Das gleichnamige Poem – oder die „Konstellation“, wie Gomringer seine Werke bezeichnet sehen will – hat ihn vor inzwischen 62 Jahren berühmt gemacht. Jeder Grundschüler kennt dieses Buchstabenbild, bestehend aus 14 penibel angeordneten Wiederholungen desselben Verbs mit der klaffenden Lücke in der Mitte.

Michael Lentz, Professor für Literarisches Schreiben an der Universität Leipzig, vermag an diesem Abend äußerst erhellend über „schweigen“ dozieren. Für ihn handelt es sich um eine „Inkunabel der Poesie und eines der wichtigsten Gedichte des 20. Jahrhunderts“ – und außerdem um die Veranschaulichung eines Paradoxons: „Es gibt kein Schweigen – es gibt kein Nichts.“ So kurz seine Konstellationen selbst oft sind – so ausführlich kann Gomringer werden, wenn er über seine Arbeit spricht: „Ich bin ein Erklärer – also, bis ich zum Lesen komme …“, wird er später entschuldigend bemerken.

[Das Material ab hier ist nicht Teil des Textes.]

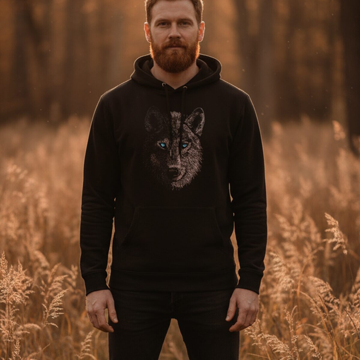 Masintikitud hundi pildiga, harjatud sisepinna, kahekihilise kapuutsi ja küljetaskutega mõnusalt keha järgi istuv pusa. Hunditikand Cyncopia Embroidery Design kollektsioonist, silmadeks sügavust andvad efektsed türkiissinised termokivid. Tikandipilt ei kulu ja seda võib triikida.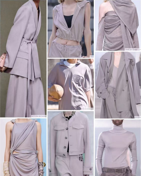 本季采用了低饱和度,融入大量灰白的淡紫色纱线,低调别致。营造出朦胧、舒缓、静谧的怀旧氛围。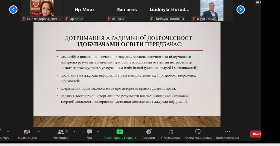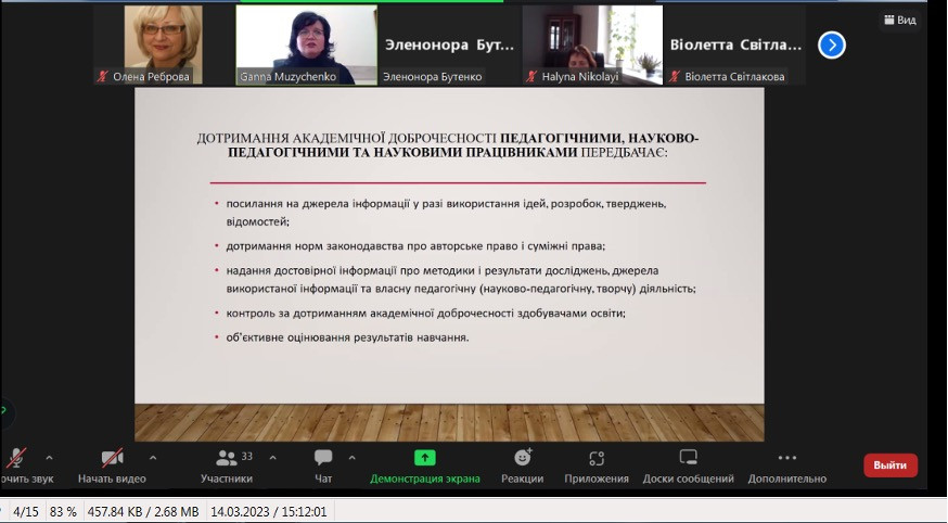 Аспіранти кафедри музичного мистецтва і хореографії спеціальностей 014 Середня освіта (Музичне мистецтво) та 011 ОНП «Мистецька педагогіка вищої освіти» та гаранти зазначених ОНП відвідали лекцію проф. Ганни Музиченко, проректорки з наукової роботи «Нормативний вимір академічної доброчесності в сфері освіти і науки».
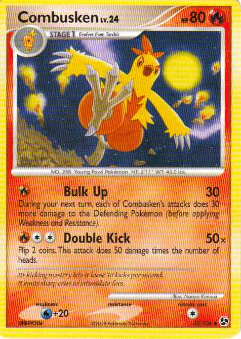 | | Evne2 | [R] Bulk Up (30) During your next turn, each of Combusken's attacks does 30 more damage to the Defending Pokemon (before applying Weakness and Resistance). [CCR] Double Kick (50x) Flip 2 coins. This attack does 50 damage times the number of heads.

Der gebürtige Bolivianer, der als Sohn eines Schweizers dort studierte und nach seinen Jahren als Professor für Theorie der Ästhetik an der Staatlichen Kunstakademie Düsseldorf letztlich seine Heimat in Rehau (Oberfranken) gefunden hat, hat sich als Vater der konkreten Poesie in die Literaturgeschichte eingeschrieben, der er ihren Namen gab. Die Berliner Literaturwissenschaftlerin Annette Gilbert schlägt dagegen vor, lieber von der „Gomringer-Variante“ zu sprechen, denn der Gefeierte habe schließlich nie aufgehört, seine Konstellationen zu entwickeln und damit so etwas wie die Quadratur des Kreises auf sich genommen: „Denn streng genommen dürfte ja ein konkreter Poet gar keine Gedichte schreiben.“

Gomringer erlebte die Initialzündung zu seinem Werk in der Malerei, wo nach dem Zweiten Weltkrieg Maler wie Hans Arp oder Max Bill konstruktive oder eben konkrete Kunst schufen. Gomringer, der später Stationen in der Werbung und als Kunstberater der Porzellanfirma Rosenthal bekleidete, hatte zunächst neben vielen anderen Fächern auch Kunstgeschichte studiert, erlag dann aber dem Reiz der Worte und Buchstaben. Seine meditativ anmutenden Skizzen kritzelte er oft unterwegs, im Flugzeug oder in der Bahn, auf Papier und Servietten, bevor er sie zu Hause in die unverwechselbare, handgetippte Form brachte. „Die Schreibmaschine erbringt letztlich den entscheidenden Beweis“, so Gomringer. Denn es hat sich über die Jahrzehnte nicht viel geändert an seiner Herangehensweise – er bleibt den Tasten seiner „Gabriele 10“ treu und überlässt alles, was mit dem Computer zu tun hat, Frau und Kindern. „Aber mich interessieren Fragen, wie zum Beispiel das World Wide Web Analogien herausbildet“, versichert er. Die Poeterei ist ein Familienbetrieb bei den Gomringers und Frau Nortrud die wichtigste Mitarbeiterin ihres Mannes. Einer seiner sieben Söhne leitet das Institut für Konkrete Kunst und Poesie in Rehau und Tochter Nora-Eugenia leitet die Villa Concordia in Bamberg, hat sich aber auch einen Namen in der Poetry-Slam-Szene erarbeitet.

Das Geburtstagskind hat für diesen Abend auch neue Werke mitgebracht, die er in seinem schönen Sprachduktus, einem schwingenden Schwyzerdütsch mit schwebendem, fränkischem Einschlag, liest. Wenn Gomringer spricht, dann ist die Welt voller Jamben. So klar rhythmisiert sind seine Sätze, dass man versucht wäre, dazu kleine Bogenschwünge auf ein Papier zu malen. Er liest aus einer Neuverortung des Lukas-Evangeliums für eine Kirche in Kulmbach, präsentiert Auftragswerke in spanischer und englischer Sprache und einige seiner Sonette. „Sonette sind eine Alterserscheinung, wenn man so angefüllt ist mit Erinnerungen, dann bietet sich das leichter an“, findet er und muss im Anschluss viele der gelben Bändchen signieren. Leicht gemacht hat er es sich dennoch nicht. „Meine Gedichte haben einen langen Weg“, sagt er, „es kann Wochen dauern, bis man merkt, dass drei Worte zusammenpassen.“

Am 12. März um 19 Uhr findet ein Künstlergespräch mit Eugen Gomringer im Museum für Konkrete Kunst in Ingolstadt statt.